The inductance of a straight wire can be obtained as:
L = 2e-7*h*Ln(2*h/r-3/4) Henrys
h=length, r=radius, in meters. Ln=natural logarithm.
For the inductance of a capacitor string, there is a complication due to
the different radii to be considered in the leads and in the bodies of
the capacitors, but an average value will give reasonable precision,
as the formula is very insensitive to the exact radius of the "wire".

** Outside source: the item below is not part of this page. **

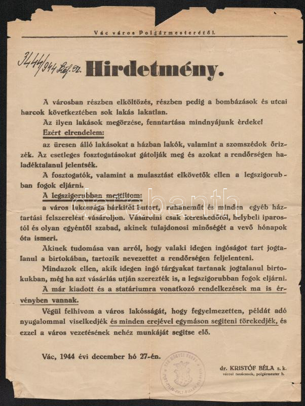 Leírás: 1944 Vác városi hirdetmény a bombázások miatt lakatlan lakások megőrzésére 25x33 cm

A more exact calculation is possible, by considering capacitors and
leads as separate inductors in series, with the influence of the mutual
coupling considered too. The Inca program can do the basic calculation:
Ex: Considering a capacitor with 5 cm of length and 2 cm of diameter, in
series with a lead with 5 cm of length and 1 mm of diameter:
The Inca program calculates:
Lcap=0.017 uH
Llead=0.046 uH
M=0.007 uH
The total inductance is Lcap+Llead+2*M=0.077 uH
Considering a single wire with the average of the diameters:
h=0.1, r=0.00525 => L=0.059 uH. Not so close.
For a string of 10 of these capacitors (5 cm capacitor, 5 cm lead),
The total inductance would be the sum of all the terms of the
inductance matrix. The mutual inductance between successive capacitors
or successive leads would be Ms=0.0026 uH.
Ignoring the mutual inductance between elements at larger distance,
the inductance would be:
L = 10*(Lcap+Llead)+38*M+36*Ms = 0.63+0.266+0.094=0.990 uH
(agrees with the rule of 1 uH/meter!)
Considering a single wire:
h=1, r=0.00525, L=1.04 uH. Very close.
Antonio Carlos M. de Queiroz